Exact copy, no pictures: output all the records that follow.

=======

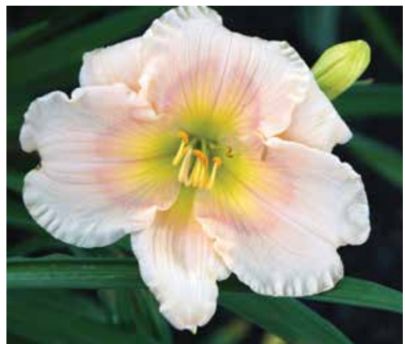
H. 'Cindy Ann' (Crochet) Dip: 22", 5.5"; HM 1996
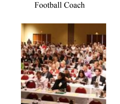
2010 NAHU Symposium Attendees
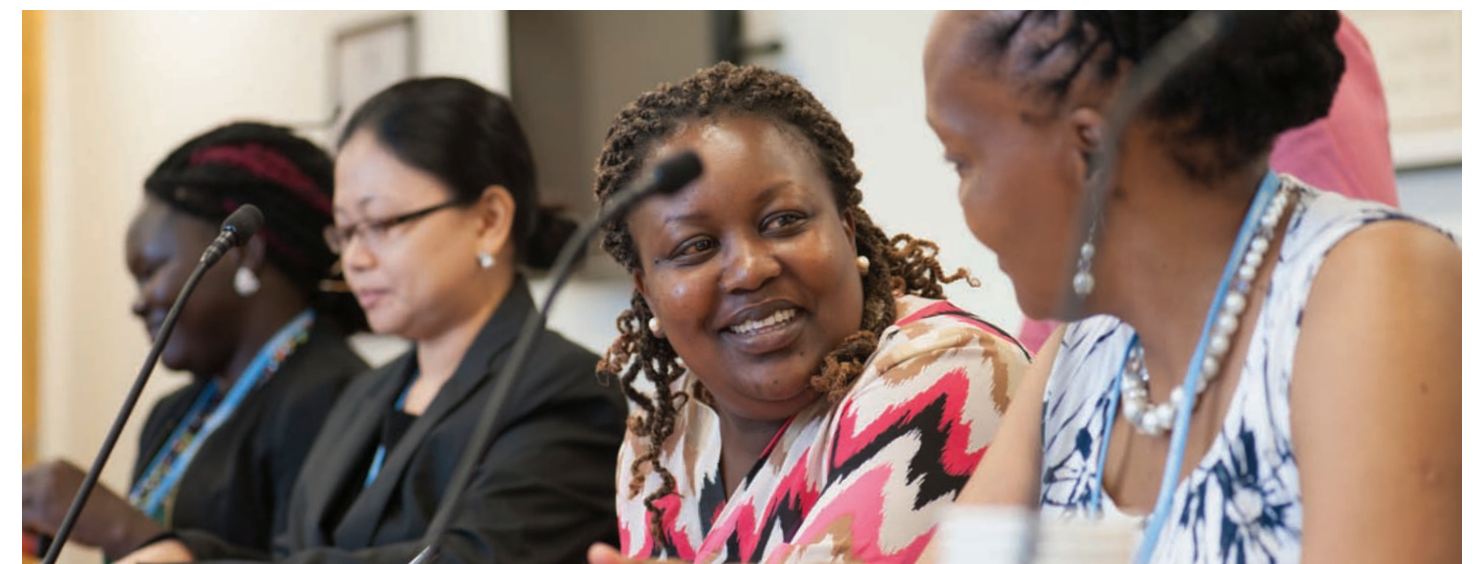
Advocates consistently say the peer-to-peer learning that occurs is one of the highlights of their HRAP experience.

The Advocates traveled to WITNESS in Brooklyn, where they participated in a workshop on the effective use of video advocacy as a complement to traditional approaches to human rights advocacy. Advocates learned the ways in which stories, visual evidence and personal testimony can be used as part of a human rights advocacy strategy to inform policy.
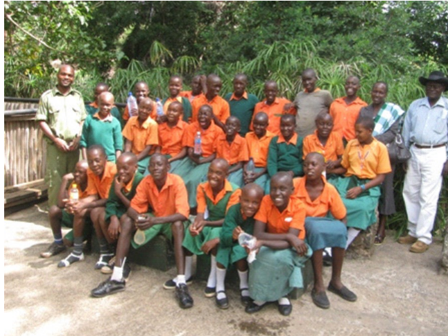
Nthunguni primary school pupils at Mzima Springs
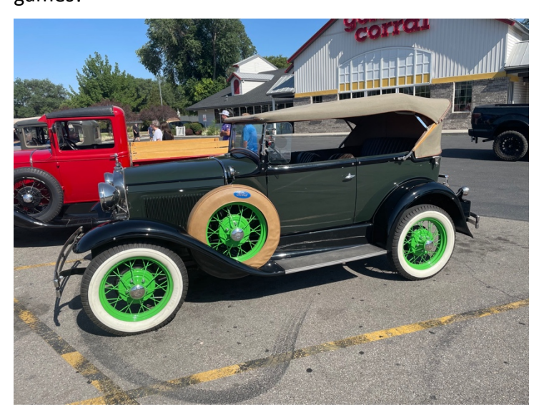
Following the parade we went to Golden Coral in Ogden for lunch. We arrived shortly after 10 and they don't

We, unfortunately, had to be right behind two horse groups who wanted us to not honk the ahooga horns. Model A's, parades and no ahooga horns honking? You may as well ask us not to breathe. Anyway, we tried hard not to honk too much, but once we separated a bit we got a few in. The other benefit of being behind the horses is we got to practice maneuvering around the resulting road apples to prepare us for the upcoming car games!
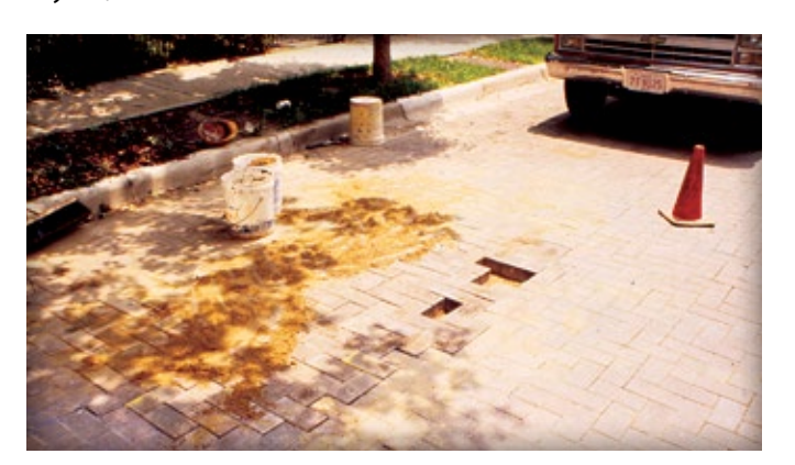
Figure 4. Reinstatement of the pavers, bedding and joint sand
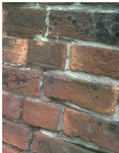
Existing Boundary wall brickwork
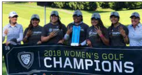
The women’s golf team after winning the 2018 Pac-12 title.
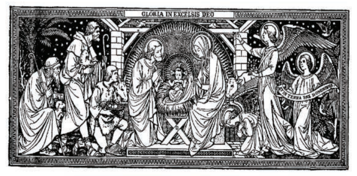
946 Our Lady of Mercy-2
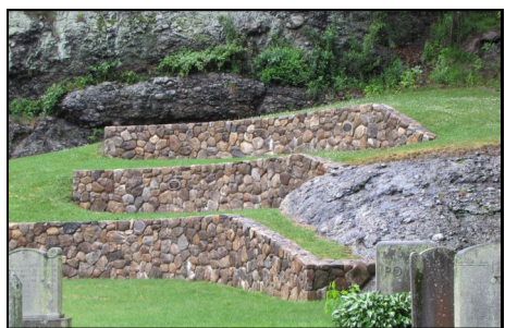
Holyhood Cremation Graves

The Association has three options for interments on the property. Holyhood has a new section that accommodates in-ground cremation burials. St Joseph has available full burial and cremation graves. Maguire Chapel offers glass niches as an alternative to traditional burials in-ground. If you would like more information, please contact a staff member.
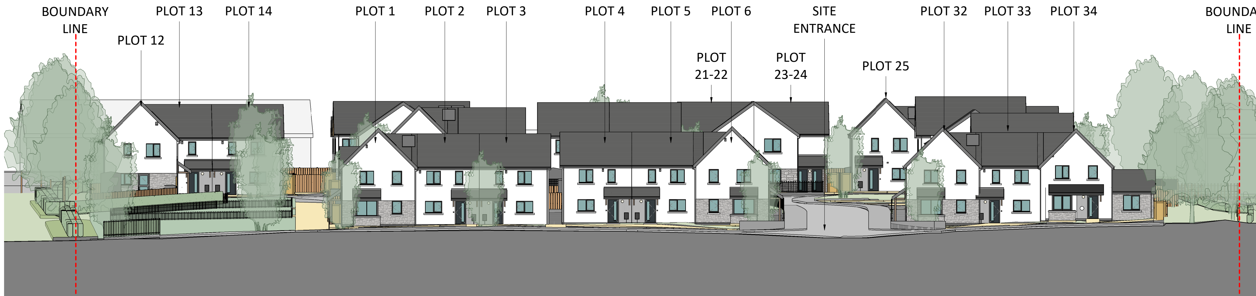
3 | STREET ELEVATION - LOOKING SOUTH EAST AT FRONT OF SITE SCALE: 1:200
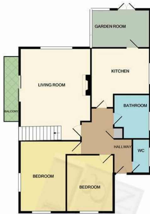
1ST FLOOR APPROX. FLOOR AREA 993 SQ. FT. (92.3 SQ.M.)
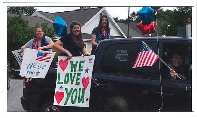
Family members parade residents at Taylor Glen during quarantine.
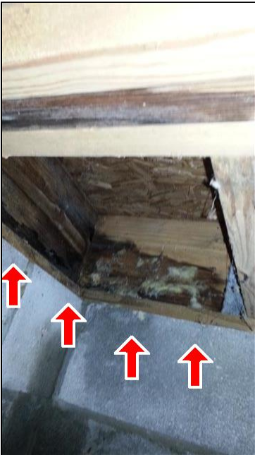
5.3 Item 1(Picture) Floor and band

5.3 There were signs of water stain and penetration at sub floor and outside band below entry door. There was flashing and caulk around top edge of front porch concrete slab. There was no signs of active water penetration at this area but would recommend monitoring this area for future water penetration.
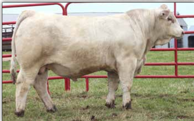
Mead Total Rush V682, Lot 471
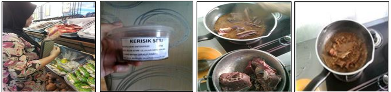
Figure 2: The use of kerisik in making one of the traditional dishes. It took one hour if we produce kerisik manually

Nowadays, there are many convenience ingredients available in the market where the products ease or cut short the process of producing Malay traditional foods. Some of the convenience ingredients are blended chilies, coconut cream, cooking paste, slice beef, cut chicken, tamarind paste and many others. All these convenience ingredients support the new generation in practicing the Malay traditional dishes due to the simplicity and suitability offered by the convenience ingredients. Most significant motivation with the availability of convenience ingredients, it has made the cooking process shorter and the kitchen less messy due to less preparation before performing the cooking.
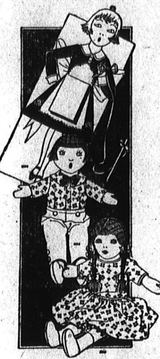
No. 599 KITCHEN 50c Complete No. 604 "ROYAL JACK" STUFFED DOLL 75c Complete No. 603 "SOCIETY JILL" STUFFED DOLL 75c Complete
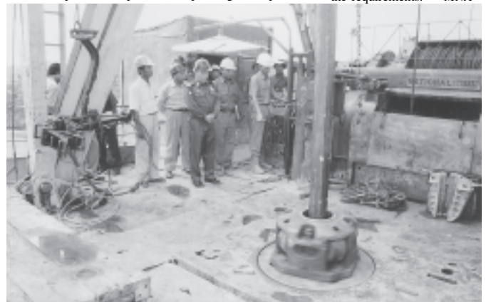
Minister for Energy Brig-Gen Lun Thi inspects drilling of well No 35 in Thagyitaung oil field in Pauk Township. — ENERGY

production tasks. The minister instructed them to manufacture products to meet the target and fulfilled the requirements. — MNA
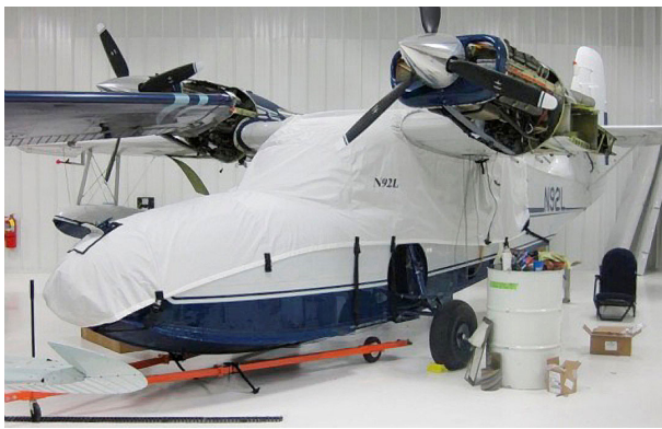
Grumman G44 Widgeon Canopy/Nose Cover
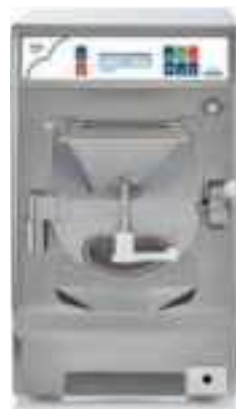
Ready 14 20
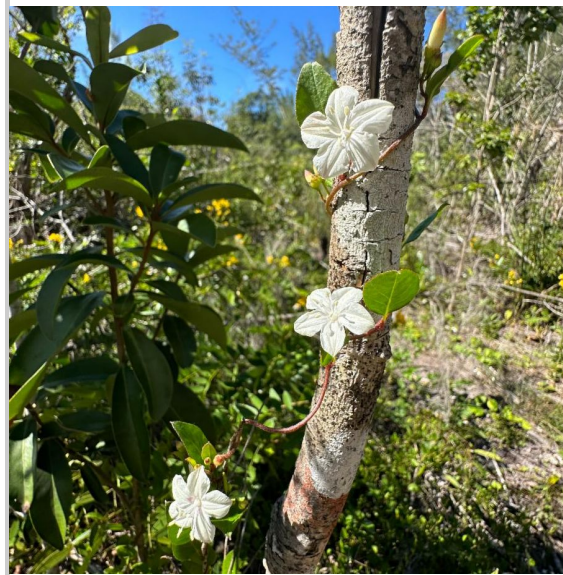
Pineland clustervine ( Jacquemontia curtissii )

IRC has an E-Trade account. Please contact us about giving gifts of stock.

=======

[Response to this exercise]
H. 'Cindy Ann' (Crochet) Dip: 22", 5.5"; HM 1996
2010 NAHU Symposium Attendees
Advocates consistently say the peer-to-peer learning that occurs is one of the highlights of their HRAP experience.

The Advocates traveled to WITNESS in Brooklyn, where they participated in a workshop on the effective use of video advocacy as a complement to traditional approaches to human rights advocacy. Advocates learned the ways in which stories, visual evidence and personal testimony can be used as part of a human rights advocacy strategy to inform policy.
Nthunguni primary school pupils at Mzima Springs
Following the parade we went to Golden Coral in Ogden for lunch. We arrived shortly after 10 and they don't

We, unfortunately, had to be right behind two horse groups who wanted us to not honk the ahooga horns. Model A's, parades and no ahooga horns honking? You may as well ask us not to breathe. Anyway, we tried hard not to honk too much, but once we separated a bit we got a few in. The other benefit of being behind the horses is we got to practice maneuvering around the resulting road apples to prepare us for the upcoming car games!
Figure 4. Reinstatement of the pavers, bedding and joint sand
Existing Boundary wall brickwork
The women’s golf team after winning the 2018 Pac-12 title.
946 Our Lady of Mercy-2
Holyhood Cremation Graves

The Association has three options for interments on the property. Holyhood has a new section that accommodates in-ground cremation burials. St Joseph has available full burial and cremation graves. Maguire Chapel offers glass niches as an alternative to traditional burials in-ground. If you would like more information, please contact a staff member.
3 | STREET ELEVATION - LOOKING SOUTH EAST AT FRONT OF SITE SCALE: 1:200
1ST FLOOR APPROX. FLOOR AREA 993 SQ. FT. (92.3 SQ.M.)
Family members parade residents at Taylor Glen during quarantine.
5.3 Item 1(Picture) Floor and band

5.3 There were signs of water stain and penetration at sub floor and outside band below entry door. There was flashing and caulk around top edge of front porch concrete slab. There was no signs of active water penetration at this area but would recommend monitoring this area for future water penetration.
Mead Total Rush V682, Lot 471
Figure 2: The use of kerisik in making one of the traditional dishes. It took one hour if we produce kerisik manually

Nowadays, there are many convenience ingredients available in the market where the products ease or cut short the process of producing Malay traditional foods. Some of the convenience ingredients are blended chilies, coconut cream, cooking paste, slice beef, cut chicken, tamarind paste and many others. All these convenience ingredients support the new generation in practicing the Malay traditional dishes due to the simplicity and suitability offered by the convenience ingredients. Most significant motivation with the availability of convenience ingredients, it has made the cooking process shorter and the kitchen less messy due to less preparation before performing the cooking.
No. 599 KITCHEN 50c Complete No. 604 "ROYAL JACK" STUFFED DOLL 75c Complete No. 603 "SOCIETY JILL" STUFFED DOLL 75c Complete
Minister for Energy Brig-Gen Lun Thi inspects drilling of well No 35 in Thagyitaung oil field in Pauk Township. — ENERGY

production tasks. The minister instructed them to manufacture products to meet the target and fulfilled the requirements. — MNA
Grumman G44 Widgeon Canopy/Nose Cover
Ready 14 20
Pineland clustervine ( Jacquemontia curtissii )

IRC has an E-Trade account. Please contact us about giving gifts of stock.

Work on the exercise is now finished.